Data supplied below:

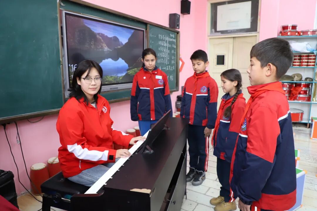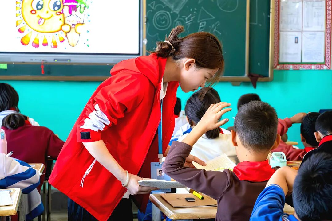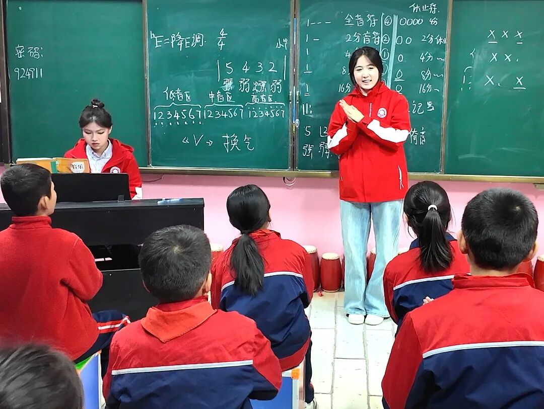 英语课上,清脆又响亮的跟读声,从明亮的教室里传出来,孩子们学着我们的样子张大嘴巴读得格外投入,小手不自觉地在桌面比画着字母形状。美术教室里,画笔“沙沙”的声响似无声乐曲。片刻间,空白画纸变成了斑斓世界。音乐课上,孩子们跟着老师大声歌唱,清亮的童声裹着稚气飘向远方。整间教室都浸在歌声里,不仅唱着孩子们对未来的憧憬,也成了此刻最温暖的支教注脚。计算机教室里热闹非凡,孩子们模仿着机器人的姿态,憨态可掬的动作裹着满满的童真,在明亮的计算机教室里轻轻荡开……
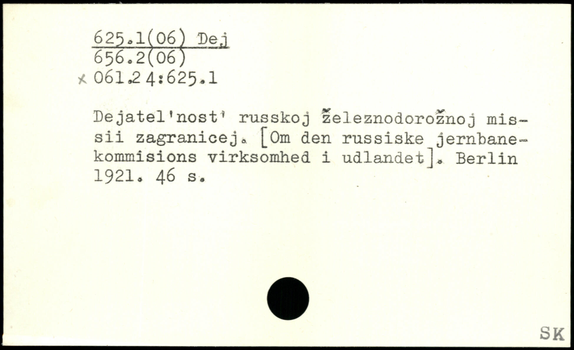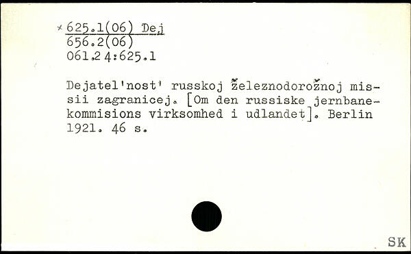 Dejatel’nost’ russkoj zeleznodoroznoj mis-sii zagranicej. [Om den russiske jernbane, kommisions virksomhed i udlandet].
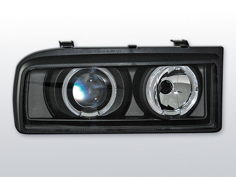Homologacja: norma E - dopuszczone do ruchu w komplecie (lewa i prawa) Światła pozycyjne: RINGI Światła mijania: H7 (brak w zestawie) Światła drogowe: H7 (brak w zestawie) Lampy z ringami angel eyes. Czarne Regulacja: elektryczna Silniczka nie ma w komplecie
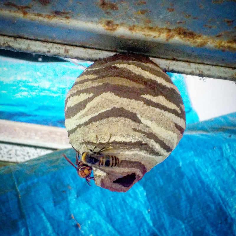やられた。家の裏にスズメバチに巣を作られた。今朝、家の裏の簡易な屋根だけかけた物置を整理していたらスズメバチがブンブン。捕獲器は見当違いのところに吊ってあった。そんなに大きくないスズメバチで数も少なかったので竹林の竹を刈って、遠くから突ついて走って逃げた。無事、地面に落とせたので落ち着いた頃片付ける。
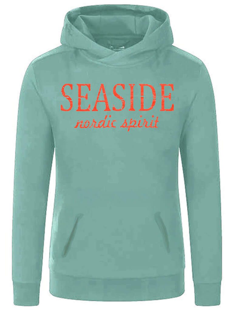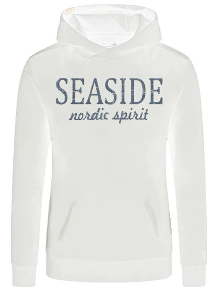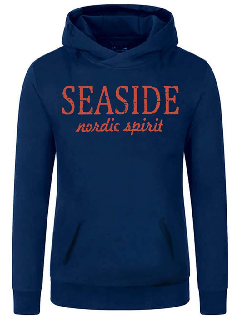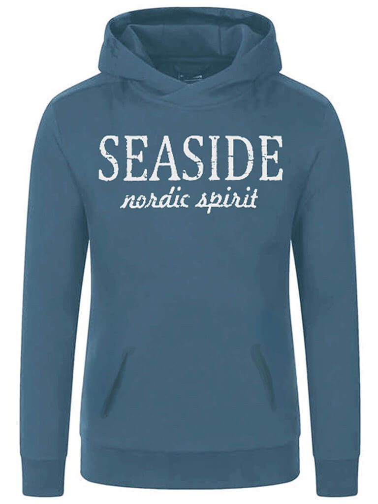 Der gerade Schnitt sorgt für eine lässige Passform, die zu jedem Look passt. Der modische Brustdruck "SEASIDE nordic spirit" verleiht dem Hoodie einen frischen und maritimen Touch. Mit seiner klassischen Kapuze und den praktischen Kängurutaschen wird er schnell zum Lieblingsstück für jede Gelegenheit. Gefertigt aus 300 g/m² hochwertigem Material, bietet der Sweathoody nicht nur eine angenehme Haptik, sondern auch Langlebigkeit. Die Rippbündchen an Ärmeln und Saum sorgen für eine perfekte Passform und halten die Wärme an kühleren Tagen. Mit seinem weichen Stoff und der bequemen Passform bietet der Pulli einen angenehmen Tragekomfort, der sowohl drinnen als auch draußen überzeugt. Der Sweathoody ist vielseitig kombinierbar und ideal für Spaziergänge am Strand, entspannte Stunden im Café oder einen aktiven Tag unterwegs.
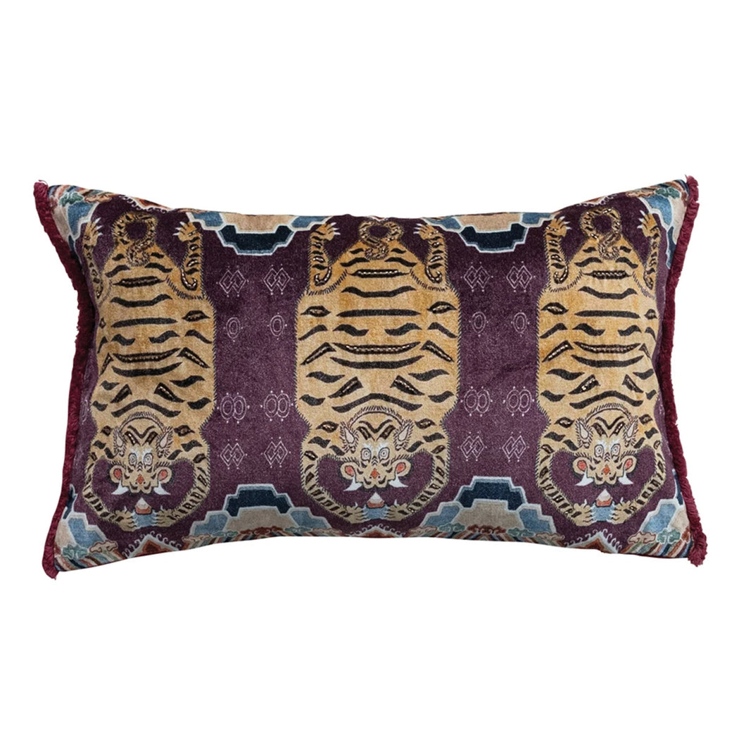 Velvet Tibetan Tigers Lumbar Pillow w/ Beads

End of Data supplied.

# Exercise aim
Since the copy must exclude the pictures, transcribe only the text of the records, word for word.

# Exercise answer
 英语课上,清脆又响亮的跟读声,从明亮的教室里传出来,孩子们学着我们的样子张大嘴巴读得格外投入,小手不自觉地在桌面比画着字母形状。美术教室里,画笔“沙沙”的声响似无声乐曲。片刻间,空白画纸变成了斑斓世界。音乐课上,孩子们跟着老师大声歌唱,清亮的童声裹着稚气飘向远方。整间教室都浸在歌声里,不仅唱着孩子们对未来的憧憬,也成了此刻最温暖的支教注脚。计算机教室里热闹非凡,孩子们模仿着机器人的姿态,憨态可掬的动作裹着满满的童真,在明亮的计算机教室里轻轻荡开……
 Dejatel’nost’ russkoj zeleznodoroznoj mis-sii zagranicej. [Om den russiske jernbane, kommisions virksomhed i udlandet].
Homologacja: norma E - dopuszczone do ruchu w komplecie (lewa i prawa) Światła pozycyjne: RINGI Światła mijania: H7 (brak w zestawie) Światła drogowe: H7 (brak w zestawie) Lampy z ringami angel eyes. Czarne Regulacja: elektryczna Silniczka nie ma w komplecie
やられた。家の裏にスズメバチに巣を作られた。今朝、家の裏の簡易な屋根だけかけた物置を整理していたらスズメバチがブンブン。捕獲器は見当違いのところに吊ってあった。そんなに大きくないスズメバチで数も少なかったので竹林の竹を刈って、遠くから突ついて走って逃げた。無事、地面に落とせたので落ち着いた頃片付ける。
 Der gerade Schnitt sorgt für eine lässige Passform, die zu jedem Look passt. Der modische Brustdruck "SEASIDE nordic spirit" verleiht dem Hoodie einen frischen und maritimen Touch. Mit seiner klassischen Kapuze und den praktischen Kängurutaschen wird er schnell zum Lieblingsstück für jede Gelegenheit. Gefertigt aus 300 g/m² hochwertigem Material, bietet der Sweathoody nicht nur eine angenehme Haptik, sondern auch Langlebigkeit. Die Rippbündchen an Ärmeln und Saum sorgen für eine perfekte Passform und halten die Wärme an kühleren Tagen. Mit seinem weichen Stoff und der bequemen Passform bietet der Pulli einen angenehmen Tragekomfort, der sowohl drinnen als auch draußen überzeugt. Der Sweathoody ist vielseitig kombinierbar und ideal für Spaziergänge am Strand, entspannte Stunden im Café oder einen aktiven Tag unterwegs.
 Velvet Tibetan Tigers Lumbar Pillow w/ Beads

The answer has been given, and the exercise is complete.